What I’m getting at there is the idea that you have this idea of
goodness, this idea of eternity, the idea of holiness, and then God fits into
that category. The category is kind of
there like a yardstick and then God comes along and we measure Him with
it. You can’t do that, that’s a pagan
way of thinking. What we have to do,
what we’re challenged to do by Scripture is to reverse the process and say it’s
God’s character that establishes the yardstick. Righteousness in the final analysis is not an “it” or a category,
some Aristotelian category.
Righteousness is what God is like, that’s the highest, that’s the most
complete, that’s the most deep exposition of righteousness, what He’s
like. Love is not a quality or an
attribute like Aristotle conceived of it, and then God happens to have that
quality. It’s rather that God’s character sets up the category. The categories
follow God, not God following the categories.
I
make that point because now we’re going to get into the Trinity we’re going to
deal with oneness and threeness, and see what happens. The pagan thinks of a oneness and a
threeness in mathematical terms, he’s got his number system, and then he says
how do we explain God in terms of the number system, whereas what we should do
is turn this whole thing around and say the reason we have numbers is because
God’s character is that way, He’s the ground of the number, not trying to
understand Him in terms of numbers that are abstract and we fit dogs, cats,
rocks, atoms, pounds of force, and then also God, they all happen to be
clustered under this category. That’s
not the way to think. That’s the
Continuity of Being view, that’s pagan thought. The Bible says that God sets up the qualities; He radiates those
qualities, just like the rainbow. Where
does red come from? Red comes to us
from the rainbow.
Isaiah
40:25 is a passage in the Old Testament that says “To whom then will you liken
Me” to, God challenges us, He says name a category that will measure me. So
it’s a very important verse, it clearly denies that there is any such prior
category to which God can be likened or classified. “Any such categories comprehended by man are (q)ualities that
themselves derive from the Creator. Our
sense of geometry and space derive from His Omnipresence. Our sense of time derives from His
eternality. His attributes, therefore,
are not impersonal Ideals thought by man; they are (Q)ualities of His personal
character. God is each one of these characteristics entirely. All
of God is involved in righteousness, all
of God is involved in justice, and so on.”
What
I’m trying to say there is avoid the pie chart concept, you look at a pie chart
and it’s all slices, and here’s love, here’s …. No-no, wrong picture, because
that would imply there are parts of God that aren’t righteous. Then over here He’s righteous, here He’s
love, but here He’s… it gets too fouled up to do it that way. The only way we
can handle this is to make all of Him righteous, all of Him is love, all of Him
is holy, there’s no conflict between them.

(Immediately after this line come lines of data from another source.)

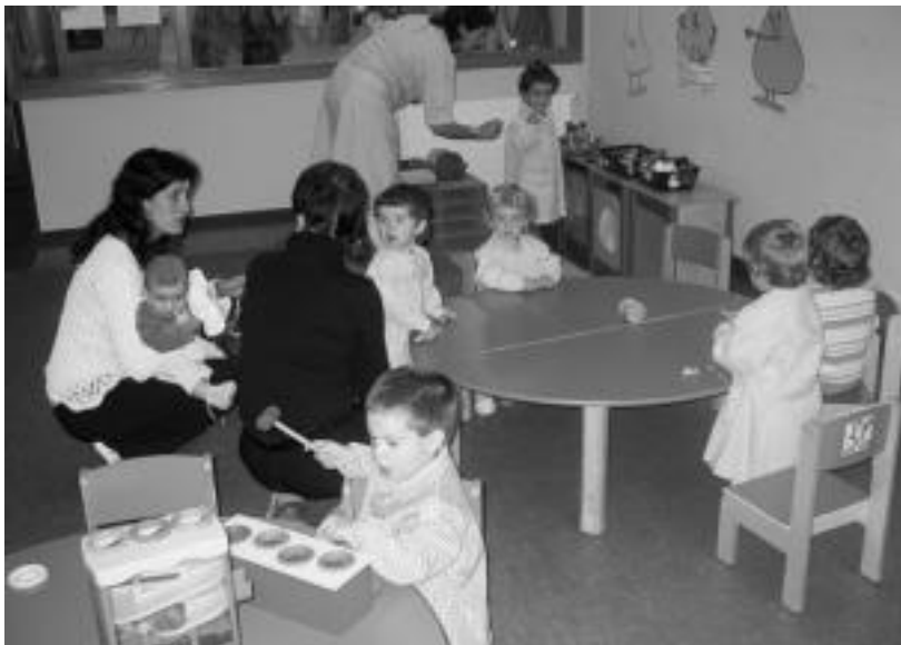
Leitzako Haur Eskolan 40 haur hasi ziren atzo; besteak beste, gurasoekin jolasean aritu ziren. JAIONE ASTIBIA
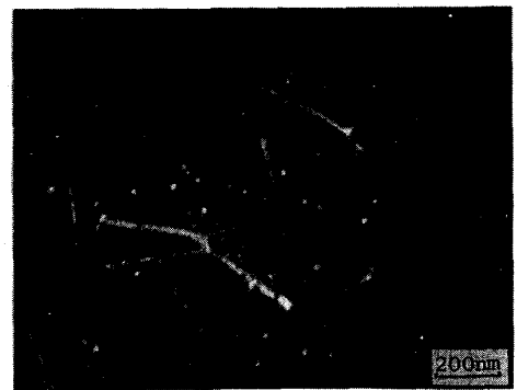
Photo. 1 Fine carbides in C-12 steel irradiated to 1 \times 10^{20} \text{ n/cm}^2 .
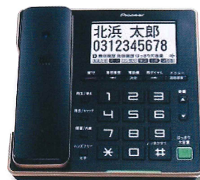
オンキヨー&パイオニア製：TF-FA75W
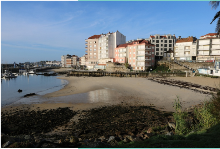
Praia da Panadeira
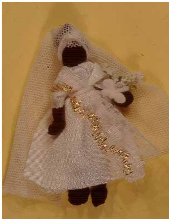
Muñecas Abayomi , Río de Janeiro, 2004.

mencioné antes, ninguna tiene facciones en el rostro, por lo tanto la negritud es expresada únicamente por medio del color de la piel, el cabello y, a veces, el vestido; los cuerpos son “esculpidos” con magnificencia hasta el último detalle. Si la representación de los y las negras en el imaginario blanco dominante es que son puro cuerpo, que son más cuerpo que intelecto, que son músculo, sensualidad, sexo y dinamismo, “una corporalidad que fascina y horroriza al mismo tiempo”, 29 tengo la sensación de que las muñecas
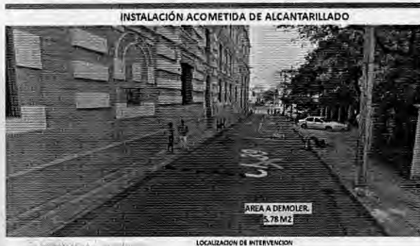
Foto Localización de intervención

Consiste en la Instalación de acometida de alcantarillado en C39 38 53/63, las obras a realizar son la demolición del pavimento, para instalar acometida de alcantarillado de 3 metros de largo y el área a demoler son 5.78 m2. Apertura de zanja manual.

So however we define holiness and love, for example, we’ve got to
remember that they eternally coexist in the character of God without
conflict. We don’t understand how all
that happens, but we know that it
happens, as a matter of fact.
So
when we come to God He is absolutely one, He is not divided into parts; the
very idea of unity comes out of God. We’re going to get into the threeness. I
want to go through all of those five propositions, and if you’ll look ahead in
the notes, if you have a moment read on pages 12-13 I’ve taken Dr. Nathan R.
Wood’s example of the Trinity and it’s very challenging to work through that,
but if you can grasp it, it will help you understand these five propositions
and keeping them in balance, because later on we’ll deal with how this comes
out in the issue of prayer. When we
pray, who do we pray to? I’ll show you that if you pray to the Lord Jesus
Christ, obviously people talked to Jesus when He was incarnate but when you
back up prayer so that it’s not directed to the Father, in the name of the Son
through the power of the Holy Spirit, and you move it out one so now it’s to
the Son, now you’ve got an intercessory allocated has moved from the Son over
to the Spirit and you need something else out here, and historically you know
what the something else was? It was Mary. So you’ve got to watch it, there were
certain things that fall out of this.
Mary becomes the fourth person of the Trinity. Why is that? Because we’ve made Christ so unapproachable that He
is the One now to which we’re going, not the Father, and if we go to Him, now
who’s the intercessor? But if we go to
the Father in the name of the Son, the Son is the intercessor, so I don’t need
Mary, I’ve got the Son. So there are some practical things, even what we would
think of as just simple, normal, every day pray that flows out of this Trinity.
That’s
why these guys were so concerned when they did the Nicene Creed and they did
the Westminster Confession, these guys put a lot of time into it. They weren’t just playing theological games,
because they realized if they didn’t get it right, this house wasn’t going to
stand on the foundation, it was wobbly.
---------------------------
Question
asked, something about why did Jesus have to be baptized: Clough replies: Baptism was actually almost like a surrogate
anointing in the Old Testament, I mean Christ’s name is “The Anointed
One.” Who did the baptizing? It was John, and it was very significant
because in the Old Testament the kings, the legitimate kings were picked out by
the prophets, and anointed. So you have
a tradition of Samuel anointing Saul; Samuel anointing David; several of the
other prophets anointed their kings.
The prophetic king-makers were a powerful force because the king wasn’t…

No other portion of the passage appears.